The 1983 abortion amendment to the Constitution made it "absolutely clear" that the mother of a child is the pregnant woman who gave birth to the child, a High Court case on surrogacy and motherhood was told this morning.
Mary O'Toole SC, counsel for the State, said the common law principle mater semper certa est - motherhood is always certain - was imported into the Constitution in 1983 via Article 40.3.3.

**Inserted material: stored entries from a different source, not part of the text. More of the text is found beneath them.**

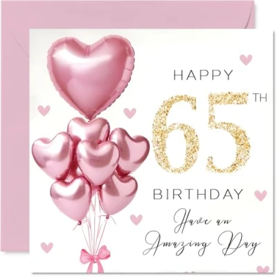 65th Birthday Cards for Women Pink Glitter Balloons Happy Card 65 Year Old Woman Neighbour Auntie Nan Cousin, 145mm Bday Greeting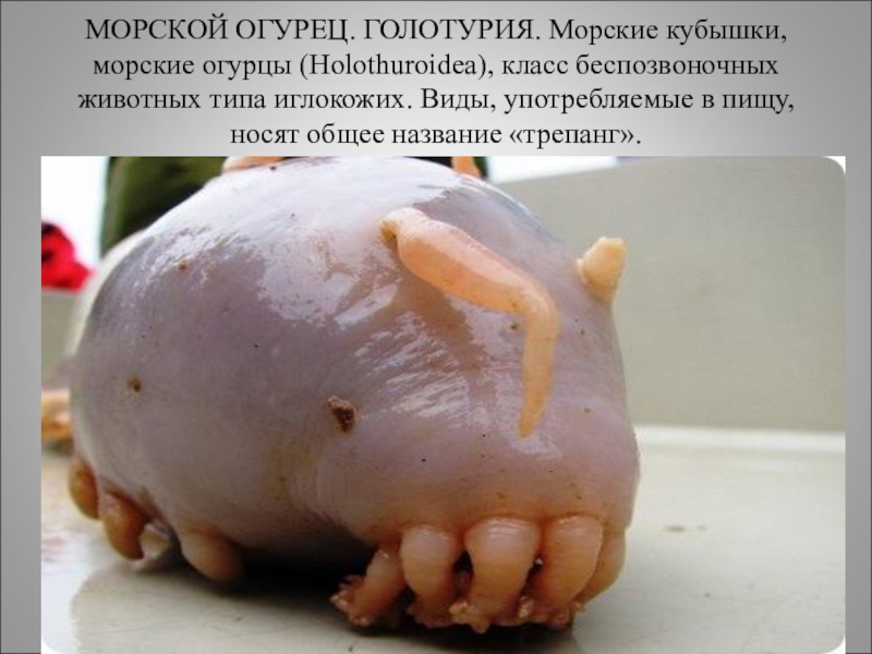 Слайд 21МОРСКОЙ ОГУРЕЦ. ГОЛОТУРИЯ. Морские кубышки, морские огурцы (Holothuroidea), класс беспозвоночных животных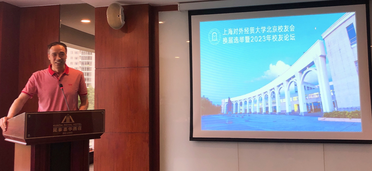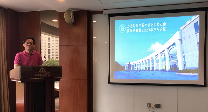 上海对外经贸大学北京校友会换届选举暨2023年校友论坛于5月20日下午在北京昆泰嘉华大酒店三楼会议厅举行。校友工作联络处处长晏琼、国际商务外语学院党委副书记徐峰、校友工作联络处相关同志以及在北京的校友近50人参与了此次会议。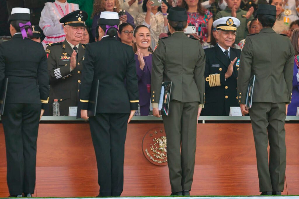 Claudia Sheinbaum encabezó la ceremonia en Campo Marte, reconociendo a mujeres del Ejército, Fuerza Aérea, Marina y Guardia Nacional.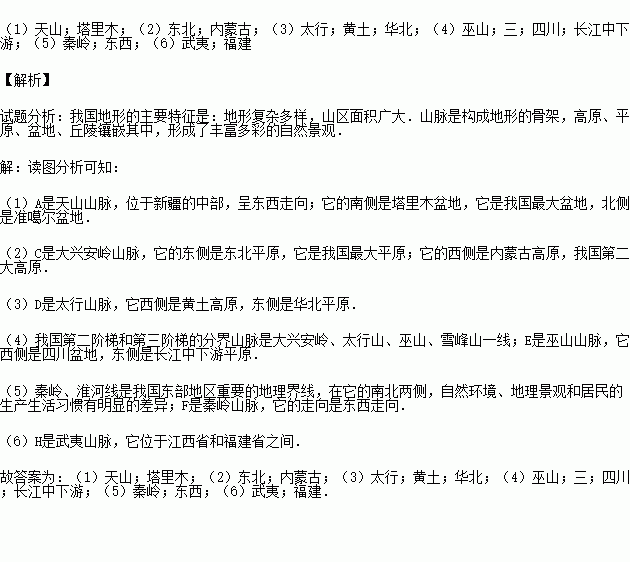 (4)E是 山脉,它在我国地势第二级阶梯和第 级阶梯的分界线上.它西侧是 盆地.东侧是 平原.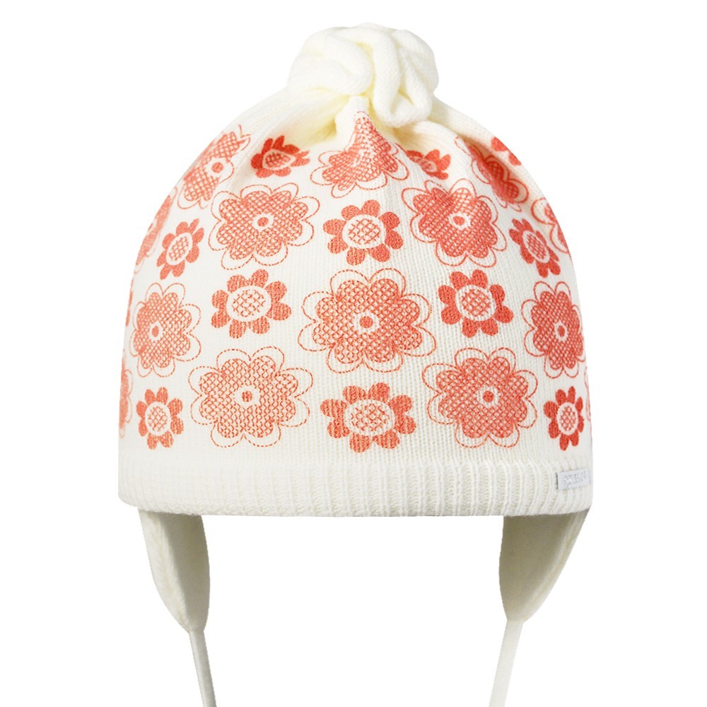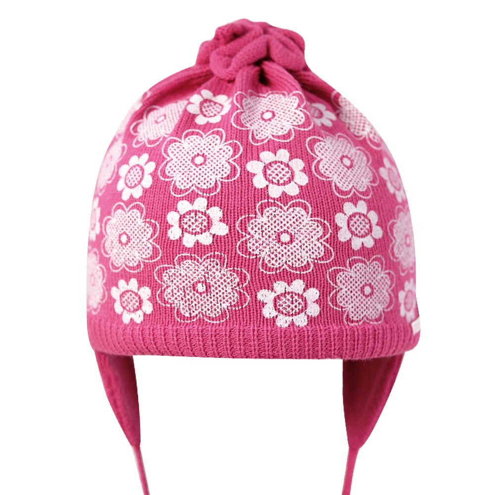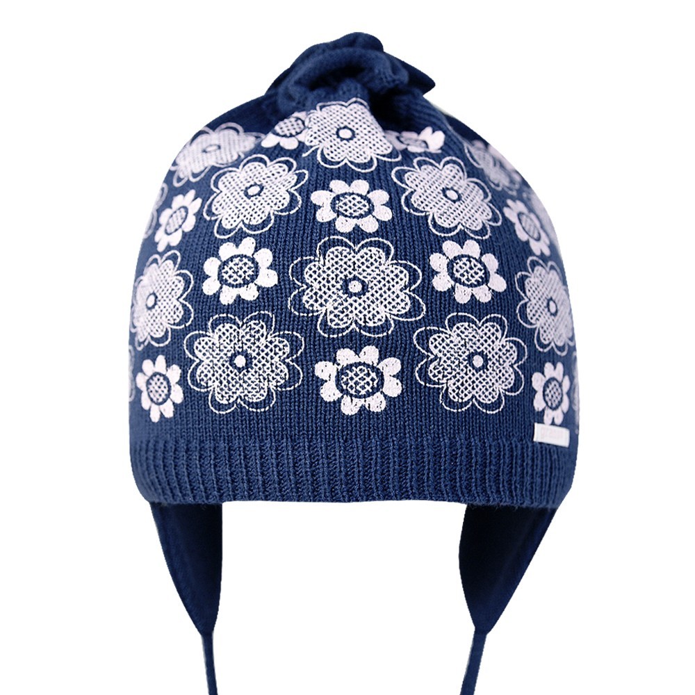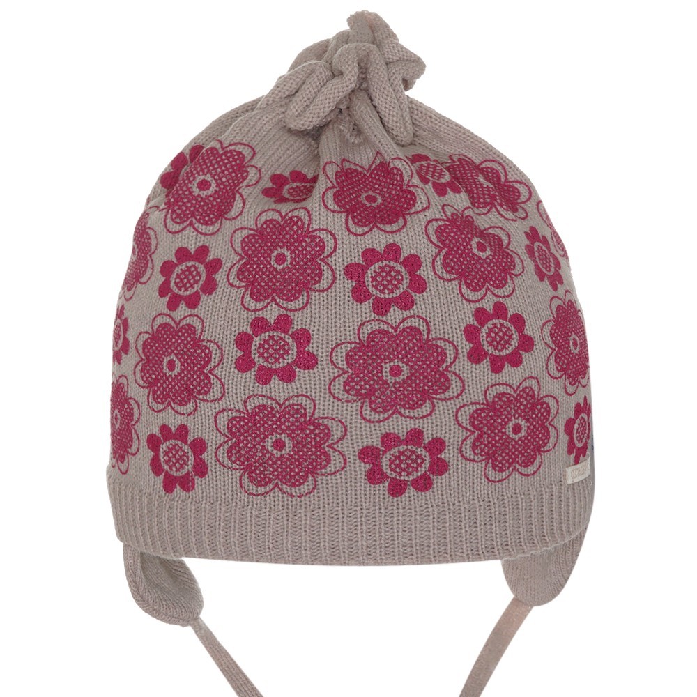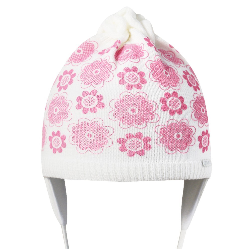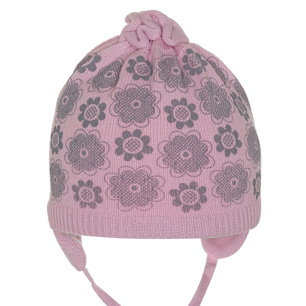 Шапка для девочки с цветочным принтом, на завязках.

She said the legislature could allow for the transfer of maternal rights but the mother must always be the birth mother.
"There is no other basis for motherhood," she said.
Ms O’Toole was making closing submissions in a landmark case challenging the refusal of the State to allow the genetic mother of twins born to a surrogate mother to be listed as the children’s mother on their birth certificates.
The applicants sought a declaration from the court on behalf of the twins and their genetic parents that the genetic parents are the legal parents of the twins. At present, the surrogate mother, their aunt, is their legal parent. She is the sister of the genetic mother in the case, and is not objecting to the couple’s application.
Mr Justice Henry Abbott suggested that Art 40.3.3 did not set out to define motherhood. “Whatever else was debated during that referendum, this wasn’t part of the debate,” he said.
Ms O’Toole said it nevertheless had defined motherhood. This was an “unavoidable and inescapable premise” the court had to follow.
She also argued that genetic connections alone between children and their parents had not been given “huge significance” in case law and did not give a “presumptive right” to genetic fathers to have guardianship of their children.
The judge also asked counsel if there was legislation in train to deal with the matter. Ms O'Toole said it was in the programme for government, but Mr Justice Abbott said this was only of "theoretical comfort".